Question 1. Let $X$ be a topological manifold, $U\subset V\subset X$ open subsets. The inclusion $\iota:U\to V$ induces corresponding maps on homology $\iota_*:H_\bullet(U)\to H_\bullet(V)$. We take the coefficients to lie in some fixed field. Under what conditions can we conclude that $\iota_*$ has finite rank (as a linear map)? In particular, I am interested in whether the following is sufficient: $\overline{U}\subset V$ and $\overline{U}$ is compact.
I encountered this problem when reading Gromov's paper Curvature, diameter and Betti numbers. The setting is on a complete Riemannian manifold $(M,g)$ where we may consider balls $B(p,r):=\{x\in M:d(p,x)<r\}$. The content of such a ball is defined by $$\operatorname{cont}B(p,r):=\operatorname{rank}(B(p,r/5)\subset B(p,r)),$$ where the rank refers to the rank of the induced map on homology. I need to know that this number is always finite.

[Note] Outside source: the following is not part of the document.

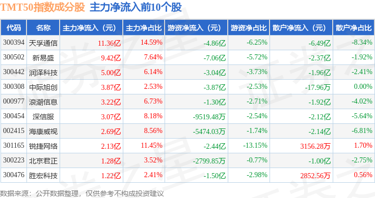 资金流向方面,TMT50(399610)指数成份股当日主力资金净流出合计62.36亿元,游资资金净流出合计3901.44万元,散户资金净流入合计62.75亿元。成份股资金流向详情见下表:

I encountered the second question when reading the proof of the results in the aforementioned paper of Gromov in the book Riemannian Geometry by Peter Petersen. The author remarks without proof the following:
Question 2. Notation as above. For $r$ large enough, $$\operatorname{cont}B(p,r)=\sum b_i(M)$$ where $b_i:=\dim H_i(M)$ is the Betti number of $M$.
Now this is obvious if $M$ is compact. But why is it true for noncompact complete manifolds?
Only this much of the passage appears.